Logo: University of Southern California

One Atom Makes a Big Difference

Armani Lab creates optical sensor that can distinguish between carbon dioxide and carbon monoxide
By: Katie McKissick
September 10, 2014 —
Illustration by Katie McKissick

Carbon dioxide—CO2. We exhale it with every breath. Plants use it during photosynthesis to make sugars. Our cars belch it out as we drive—unless that car is electric, of course. It’s the greenhouse gas to blame for climate change.

Carbon monoxide—CO—is an entirely different beast. While it only differs from everyday carbon dioxide by one oxygen atom, it’s highly toxic. It can be produced by combustion when there isn’t sufficient oxygen to produce carbon dioxide, such as in an oven or a car in a closed garage—places where the air is not good for breathing, to say the very least. It’s a colorless and odorless gas, which is why houses and offices are outfitted with carbon monoxide alarms. However, these alarms simply alert occupants if carbon monoxide is present. What if there was a way to isolate carbon monoxide from carbon dioxide? Part of the challenge is that the highly toxic carbon monoxide is often mixed in with everyday carbon dioxide.

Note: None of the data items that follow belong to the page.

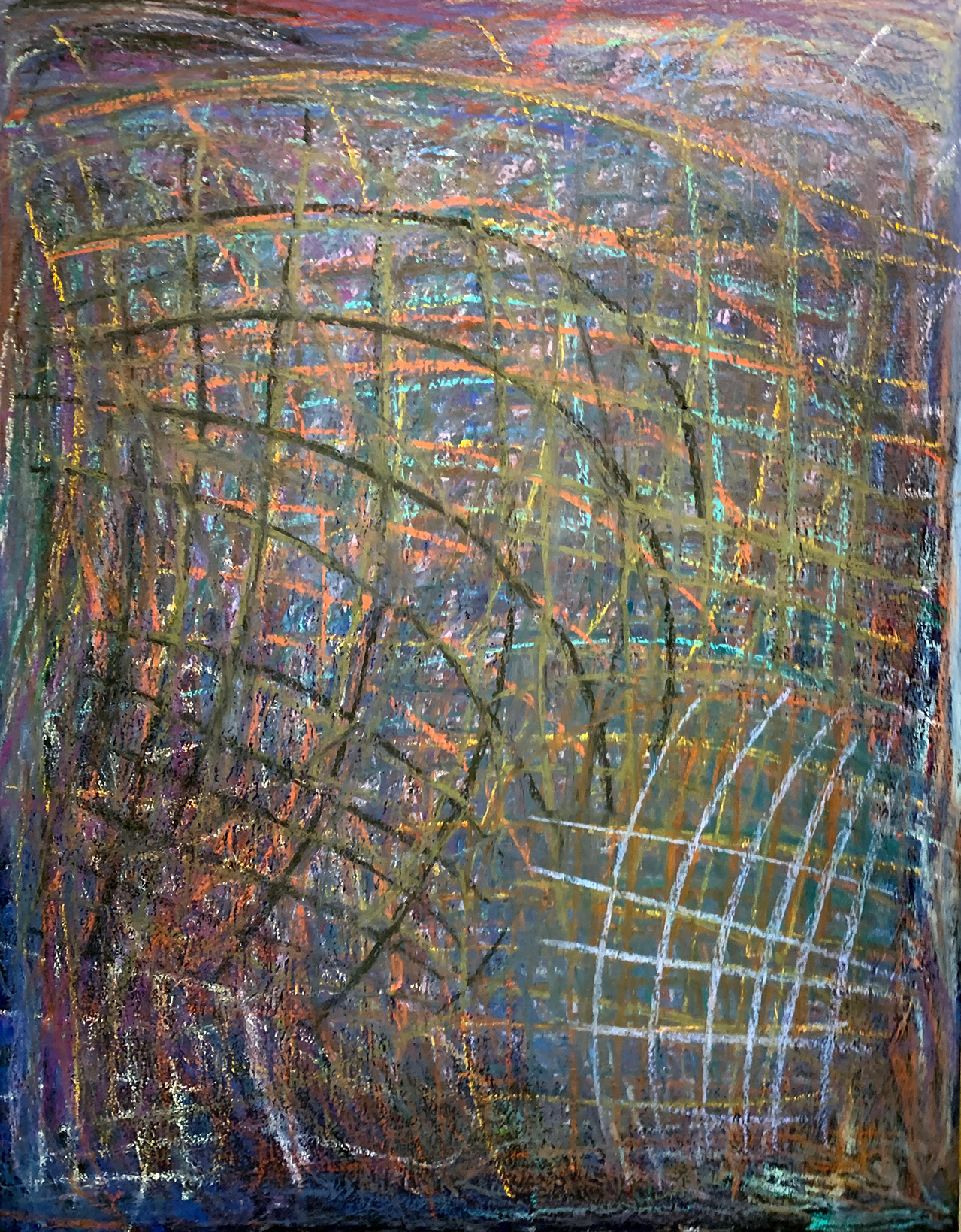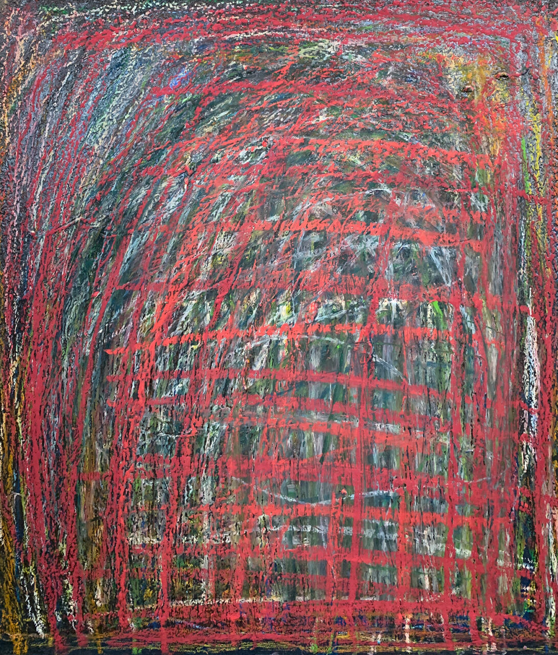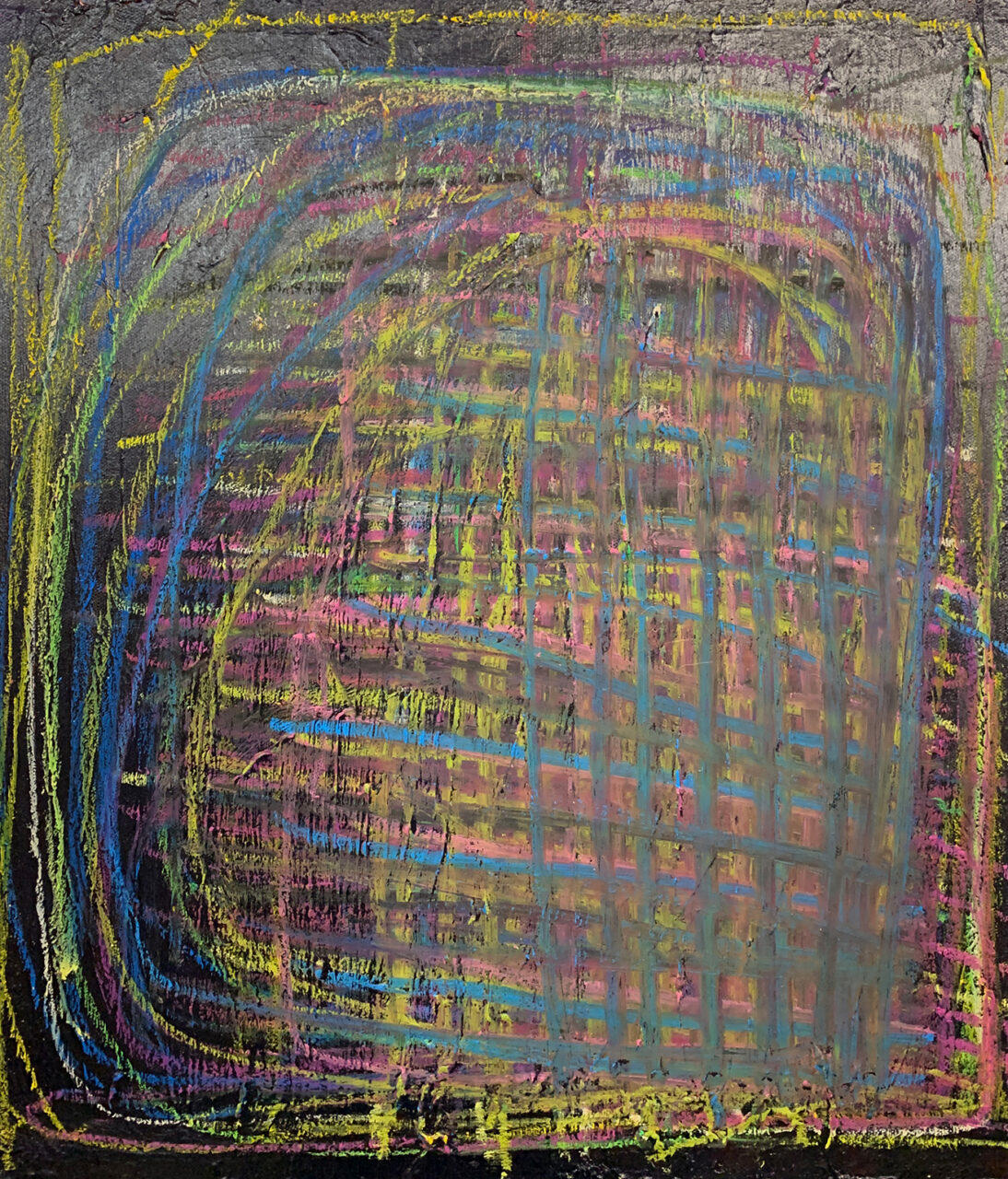 ライプハウス代表の大澤辰男さんは教室のファシリテーターでもある。ゆっくりキャンバスに向かうように、そして描き続けるようにと働きかけた。そうして少しずつ制作への取り組みが変化していく。絵具の匂い、キャンバスの弾力、オイルパステルの描き心地などが本人の感覚とマッチングがよかったのか、キャンバスにアクリル絵具とオイルパステルで描くのが面白くなる。自分で決めた色の絵具を一度に大量に出して描く。それからオイルパステルで垂直水平の線を描いていく。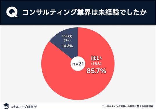 「コンサルティング業界は未経験でしたか」という質問に対し、85.7%が「はい」と回答。「未経験でも大丈夫か」という心配は、未経験からの転職を考える多くの人が抱えていると予測されるが、未経験からの転職も十分に可能であるといえる結果となった。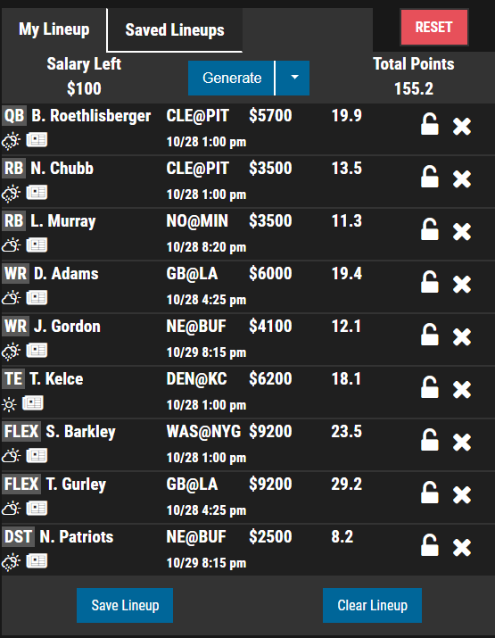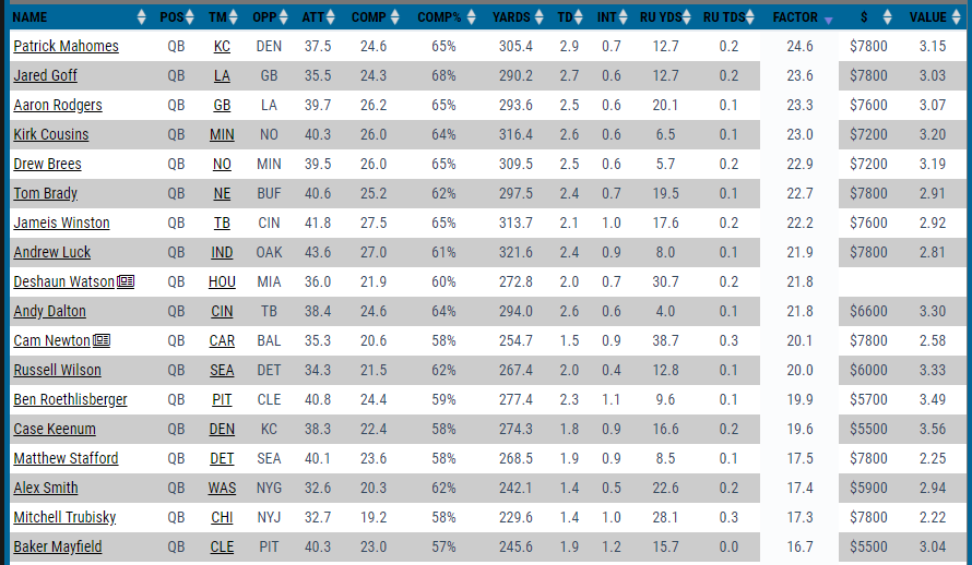You can see that the generator took the values we unearthed and was able to give us Todd Gurley and Saquon Barkley. Latavius Murray will be a game time decision as if Dalvin Cook plays we may have to pivot. Plenty of value to make great lineups on Fantasy Factor.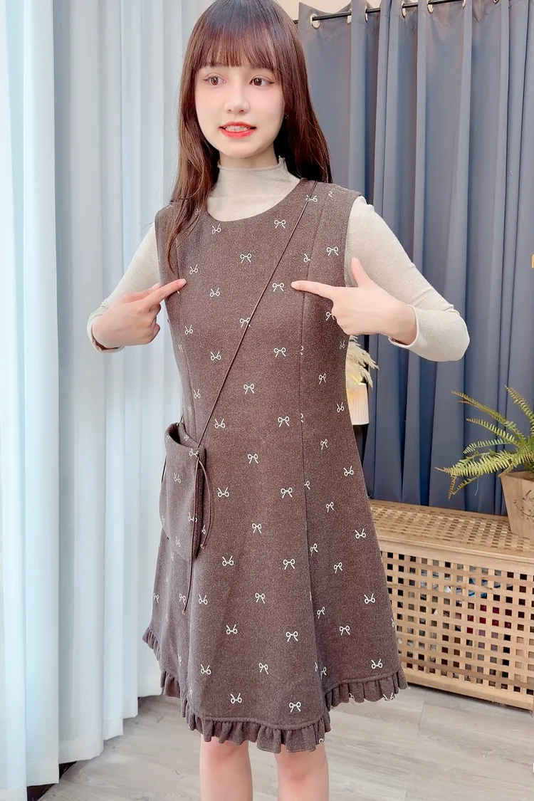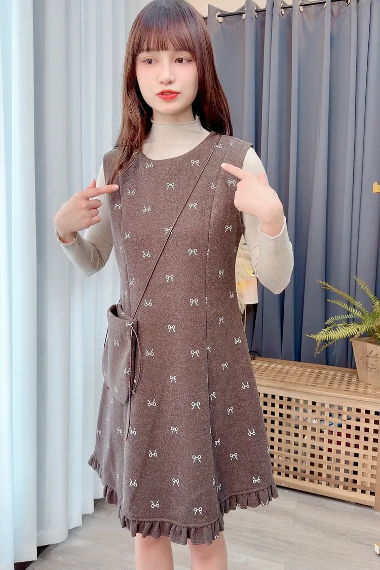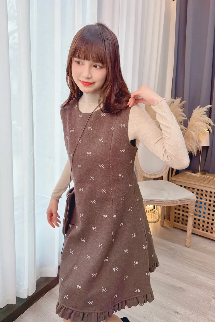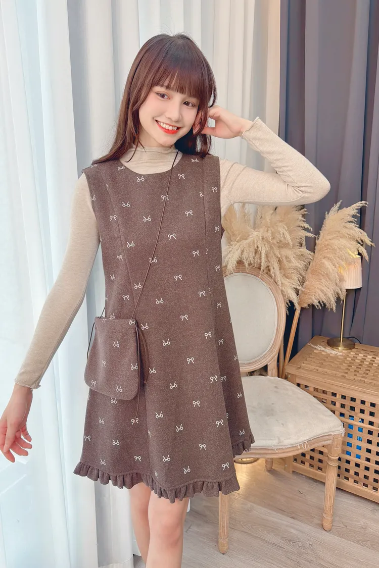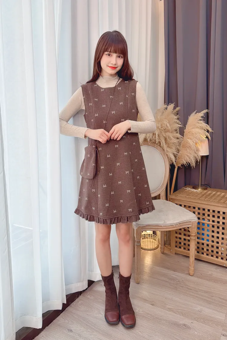 蝴蝶結圖案套裝洋裝組/1色

Researchers in the lab of Professor Andrea Armani in the Mork Family Department of Chemical Engineering and Materials Science at USC Viterbi are finding a solution.

Armani Image
Left: Rendering of the optical sensor. In this device, circulating light interacts directly with the carbon nanotube clusters on the surface, creating a detectable signal. Middle and Right: Scanning electron microscope image of the optical sensor surface showing the carbon nanotube clusters.

Maria Chistiakova, a chemical engineering Ph.D. student in the Armani Lab, is developing new tools to study the interactions between gases and surfaces. One potential application could be the development of a selective filter for carbon monoxide and carbon dioxide. In her work, she demonstrated that carbon monoxide and carbon dioxide have very different adhesion to carbon nanotubes. While this behavior had been previously shown under vacuum, her device was able to detect this behavior under normal—or real-world—conditions. The ability to perform this measurement under everyday conditions could have wide-ranging implications.

“While the CO/CO2 experiments have clear applications, Maria’s research could result in advancements in a range of fields,” Armani said. “For example, the design of more robust coatings for aircraft or cars or new materials for gas filters beyond the CO-CO2 system.”

COCO 2-01
Illustration by Katie McKissick

This work was published in “Nanotechnology” and is featured on nanotechweb.org.